人文讀書會我已參加了兩次。每回仔細準備,交流之際收獲更多,是校友跨領域的經驗、思考和有趣涉獵,給我帶來頭腦的沖擊。它可以用***同的語言獲得同壹頻譜的精華信息,也有緣結識充滿善意的可靠校友。
漢中雄踞秦嶺關口,空氣濕潤、柔和,氣候近似“天府之國”的四川,南國物產豐饒。糅合三秦與蜀地的物華天寶,這也許是她“漢人老家”美名的物質源泉。
這裏早在西周時就史有其名,多半因為魚米之鄉和地理位置的緣故,歷來都是兵家要地。從春秋戰國到秦漢三國時期更是頻頻亮相,尤其三國的蜀漢舊事讓這裏家喻戶曉。
漢中算是後花園的話,那秦嶺以北的古都顯然是壯麗的廳堂。漢唐陳跡還隱約能看見輪廓,只不過不像五代時人所說的“振轡鎬都(鎬京是西周都城,借指長安),有唐之遺風。明皇之故跡,盡舉目而可觀也”(《開元天寶遺事》序)。

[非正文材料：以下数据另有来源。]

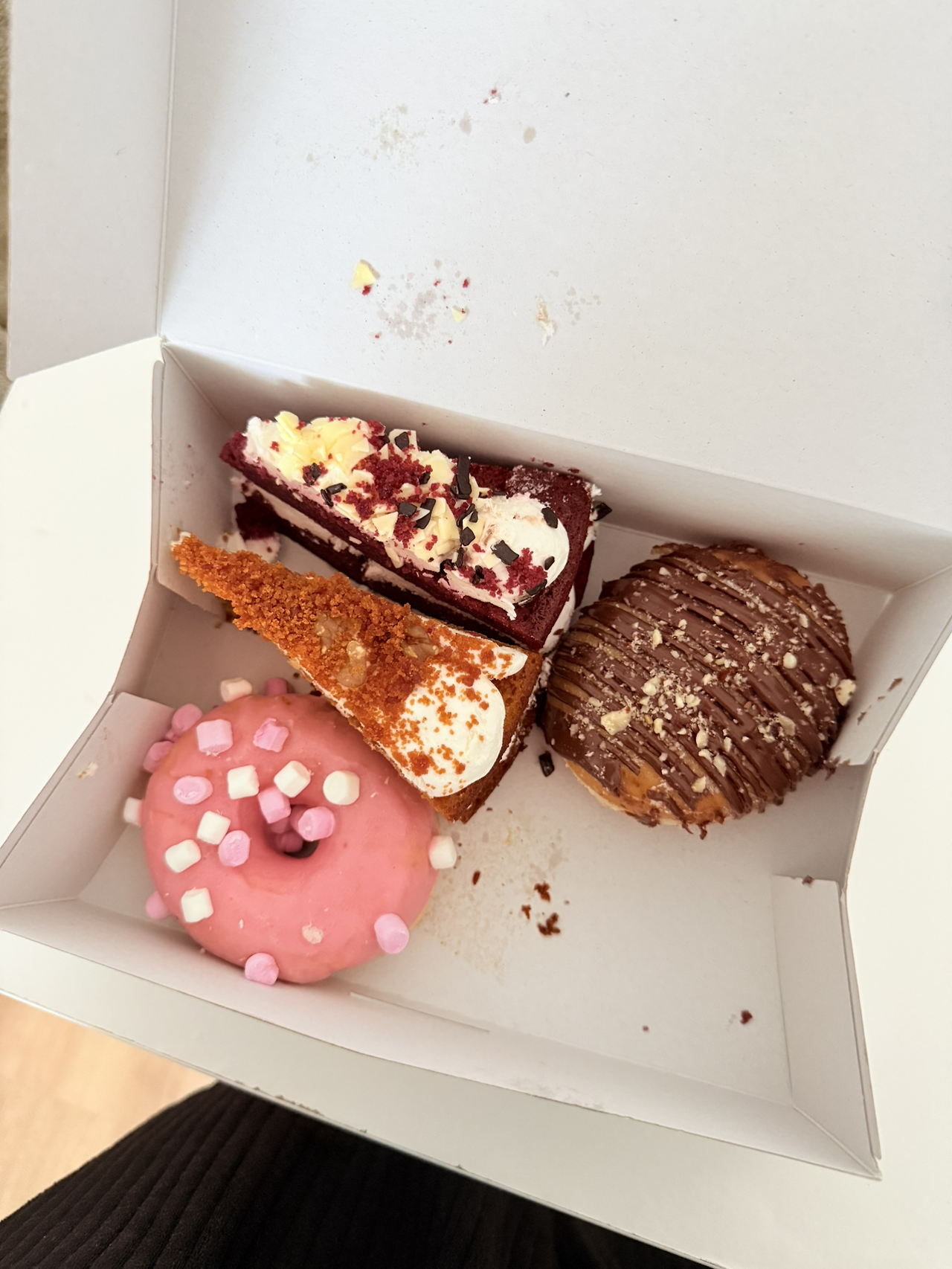 숙소 근처에 예쁜 디저트 가게가 있길래 도넛과 케이크를 샀다. 포장, 맛 엉망이다. 짜다.

這座還保有最長巍峨城墻的古都,最多千年古寺和古建的巨型博物館,徜徉其間別有風致。如果熟悉《兩京雜記》或《唐兩京城坊考》這樣的舊書,那麽她街坊裏巷、神祠廟宇的遺跡都值得盡情逡巡與摩挲。
古長安以她的壯闊外觀和精彩絕倫的人文養分滋補了國人的精神家園,長安的規制也東渡扶桑,成為奈良時代平城京(奈良)的建設藍本,其後平安朝的平安京(京都)西部規劃也參考了西京城坊。
只可惜京都的西部建設闕如,城市另壹邊借鑒東都洛陽的部分倒是建成了,因此京都古稱“洛陽”,貴族前往平安京覲見天皇還要稱“上洛”。
如今西安的經濟文化已經卓犖於西部,是座典型的現代都市。除了令人眼花繚亂的名勝古跡之外,陜西歷史博物館和西安碑林都是不容錯過的地方,方寸點滴都耐人品讀,文化氛圍堪稱厚重。
西安的周邊甚至鬧市裏還有幾座名寺,並不顯山露水,但其中也有近兩千年歷史的名剎——密宗祖庭大興善寺。
壹
就像前年跟隨人文讀書會前往臺灣時壹樣,當時先用壹整天看盡臺北故宮展示的寶藏後,才和剛到達的大部隊匯合。寶島之旅好比期待已久的“年夜飯”,事先有了佳肴墊底,不覺怡然。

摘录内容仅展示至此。